Friday, 6 March 2015

New Risk Management Dept. to oversee EPF fund management

A new risk management unit has been set up by the Central Bank to outline proper rules and regulations that would ensure risks are minimized in the process of managing the Employees’Provident Fund (EPF).The unit has been established on the instructions of Central Bank Governor, Arjuna Mahendran in a bid to avoid explicit conflict of interest, when the EPF invests in banks’ shares, which are regulated by the Central Bank. 

“One way of addressing this issue (conflict of interest)in managing debt or the EPF is establishing rules and ways of conducting business that would ensure risk in its broader sense is managed effectively. 

I have recently opened up a new department in the bank – Department of Risk Management,” Mahendran said.Speaking at the Sri Lanka Legal Summit held yesterday at the Cinnamon Grand hotel Colombo, he further said the Central Bank is currently working with institutions in the United States and other developed countries on knowledge transfers to enhance risk management functions of the bank. 
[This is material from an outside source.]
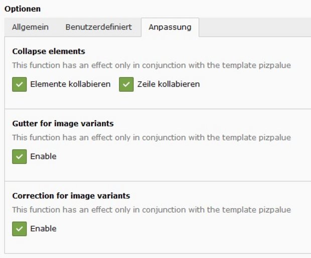 Um die Abstände zwischen Spalten-Strukturelementen und Inhaltselementen konsistent zu halten, werden Spaltenstrukturelemente standardmässig mit einem Rahmen ausgegeben. Die durch den Rahmen definierten Abstände werden jeweils beim ersten Inhaltselement pro Spalte, sowie der umschliessenden Zeile so berücksichtigt, dass die Abstände zwischen den Inhaltselementen bei allen Anzeigebreiten gleich bleiben.

The newly appointed Governor is of the belief that such a system will enable the Central Bank to alleviate some of the issues and allegations of mismanagement and conflicts of interest surrounding the bank, in managing the country’s single largest pension fund, particularly due to its controversial investments in certain listed shares. 
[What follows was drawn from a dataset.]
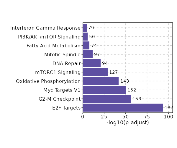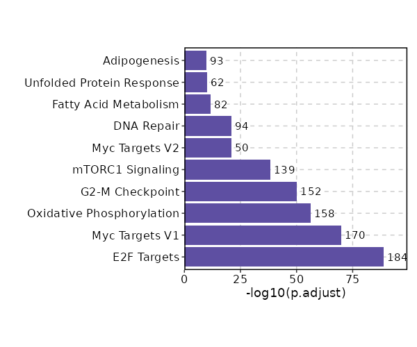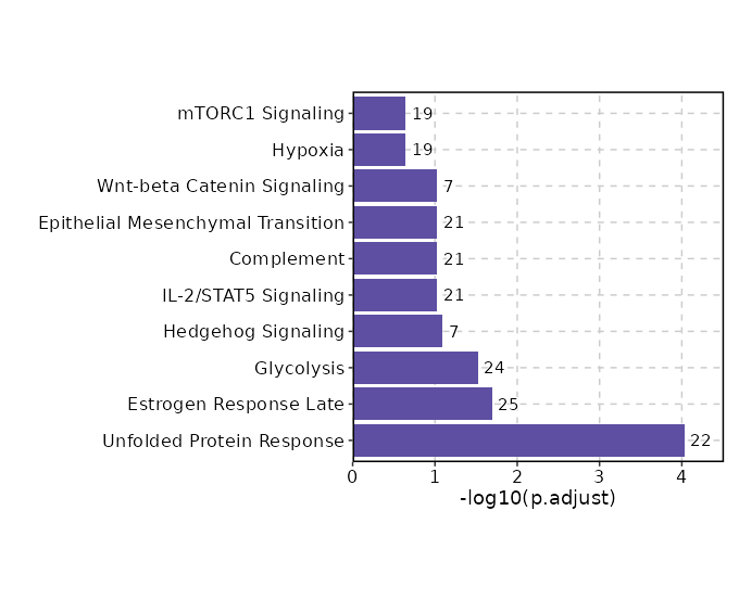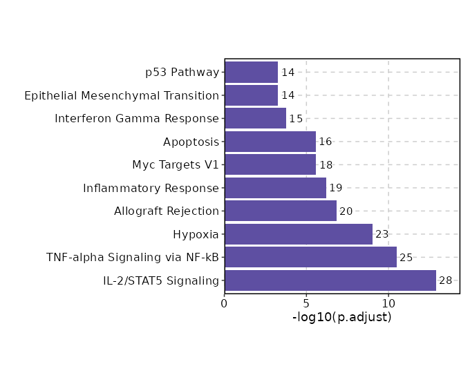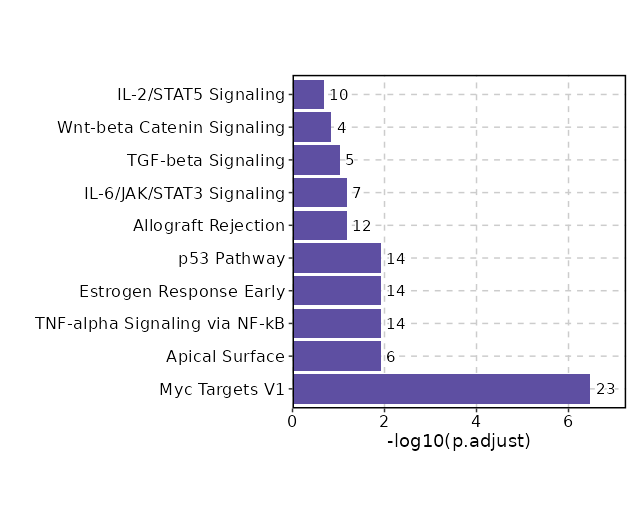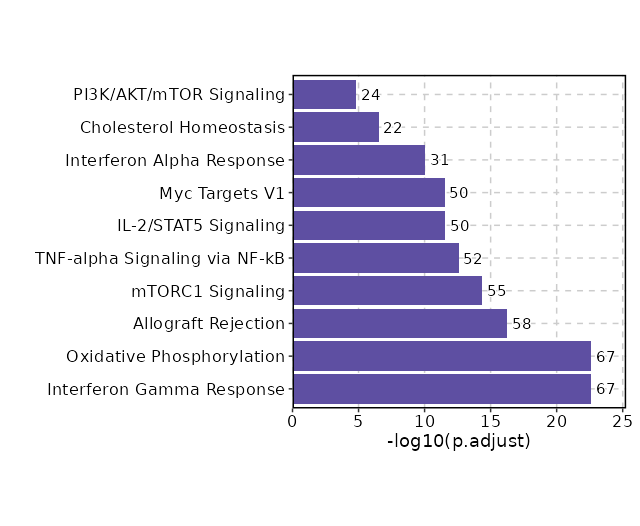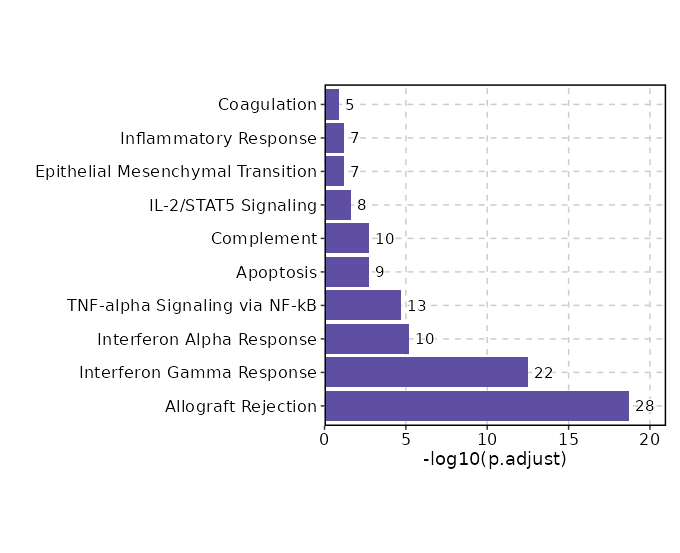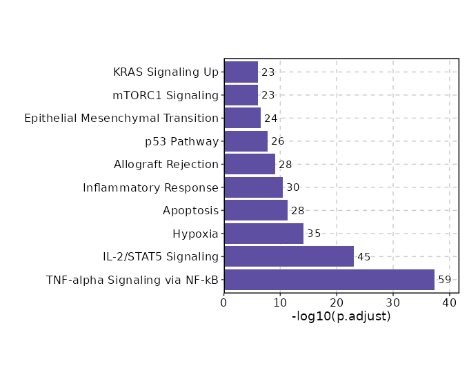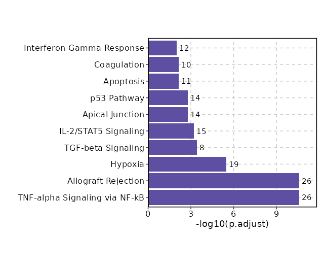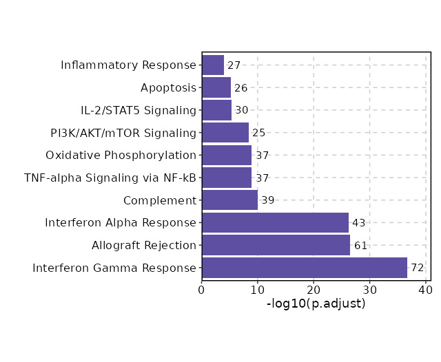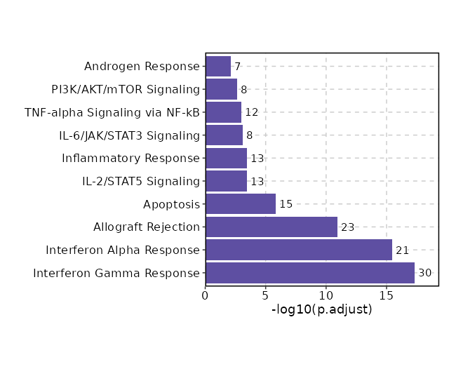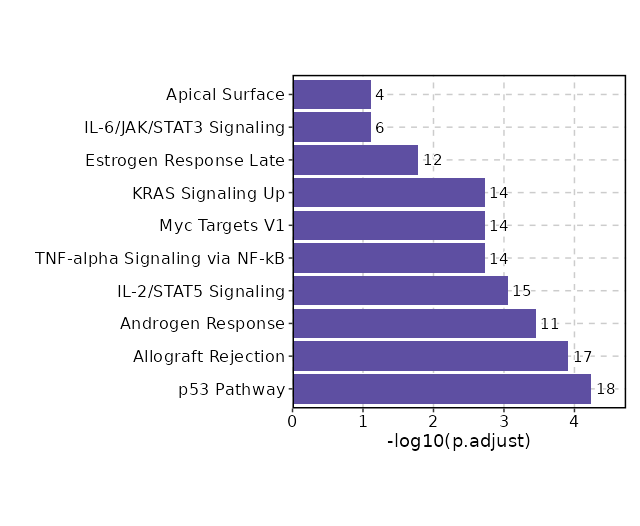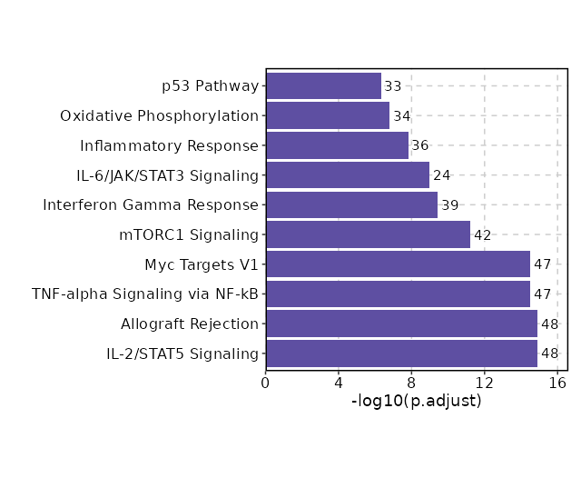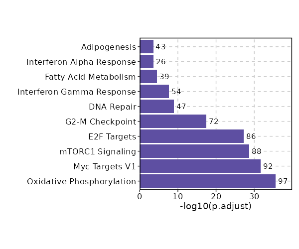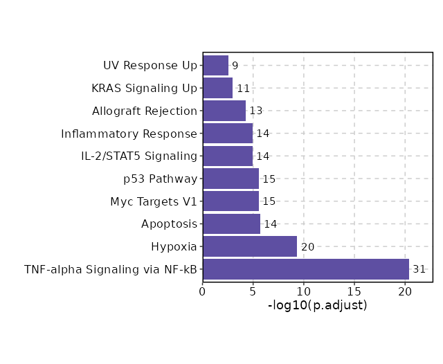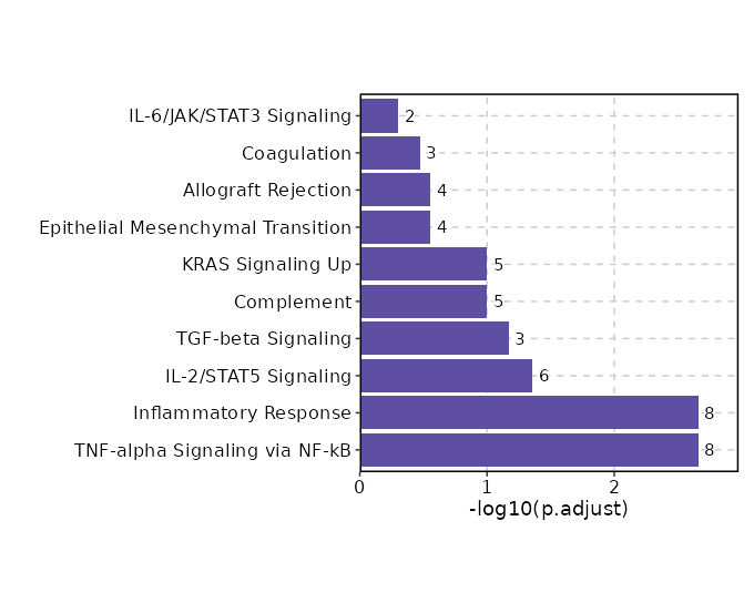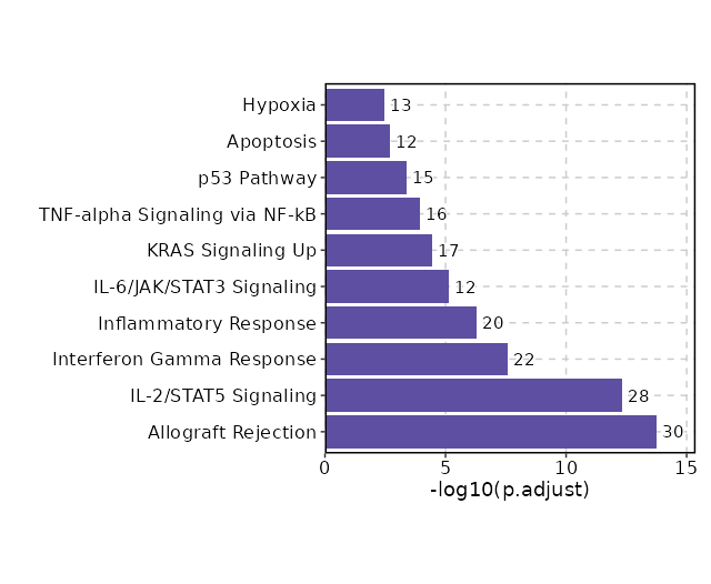 The bar plot shows the top enriched terms in database 'MSigDB_Hallmark_2020', the x-axis shows the -log10 of the adjusted p-values, and the y-axis shows the term names. The number next to each bar indicates the overlap gene count.

According to Mahendran, the new unit will not just oversee the EPF but will also apply its expertise to all other agency functions such as public debt management and fiscal advisory role to the government, official depository and financial advisor and administration of Exchange Control Act. 
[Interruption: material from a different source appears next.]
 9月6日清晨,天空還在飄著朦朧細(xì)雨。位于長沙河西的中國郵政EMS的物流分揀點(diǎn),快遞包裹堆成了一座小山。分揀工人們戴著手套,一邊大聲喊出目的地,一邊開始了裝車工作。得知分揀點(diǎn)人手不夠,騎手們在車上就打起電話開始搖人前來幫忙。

The observation made by Central Bank Governor yesterday on the future course of action on EPF is however in contradiction with what he said a month ago. “I wouldn’t want to jump the gun and divest these (shares of listed banks) immediately, though it is desirable, because we have to have more liquidity in public markets for these bank shares, and indeed all the other shares which have been acquired by the government through the EPF in the last few years,” Mahendran told a post-budget seminar organized by Ceylon Chamber of Commerce. 

Under the previous regime, the Central Bank had been accumulating shares of banks and other nonbank finance institutions (and other listed entities) through the EPF— up to the single shareholder limit of 10 percent in certain cases, and appointed directors to their boards, virtually nationalizing private sector banks in the country in order to fund state projects, if otherwise would not get funded.